Joan Collins

Diary – 28 February 2004

What sort of exposure does the Olivier awards need?

I’ve always considered myself a working actress and like about 98 per cent of my fellow thespians spend a great deal of time ‘resting’ involuntarily. It therefore irks when great swaths of the media refer to actors disparagingly as ‘luvvies’ and represent us as parasites and people who love swanning around and dressing up. I’ve just started rehearsing Full Circle with the nicest, most hardworking and dedicated group of people you could find, and that is how I’ve found most actors to be. Because they love working in a vastly overcrowded profession, they often get paid far too little. For rehearsing six days a week, eight hours a day, and often spending extra hours going to fittings and learning lines, we are all receiving the Equity minimum of just over £300 a week, which is a lot compared with a pensioner’s £102 per week, but I believe is on the low average means of the nation and certainly a complete joke when compared with my accountant’s sum of £650 an hour!
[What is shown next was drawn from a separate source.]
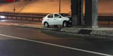 В Киеве накануне ночью на проспекте Победы легковой автомобиль Renault въехал в опору путепровода.

However, and according to the distinguished theatre director Stephen Daldry, when Jane Root, controller of BBC2 (earning, I’m sure, far beyond Equity scale) deems the Olivier awards — where the likes of Dame Judi Dench, Kevin Spacey, Maureen Lipman, Ross Kemp, Anita Dobson, Lee Evans, Richard Wilson and Joan Plowright were presenters and honorees — as being ‘not worthy of televising’, I really must ask, was it because no one was prepared to flash their boobs?

This year marks the 100th anniversary of the birth of Archibald Leach. Born in Bristol in 1904, Cary Grant became an incomparable movie star. I truly believe there is no modern screen actor today who comes close to him in terms of looks, humour and charisma. Certainly there have been more talented actors — Brando, De Niro, Hackman — but C.G.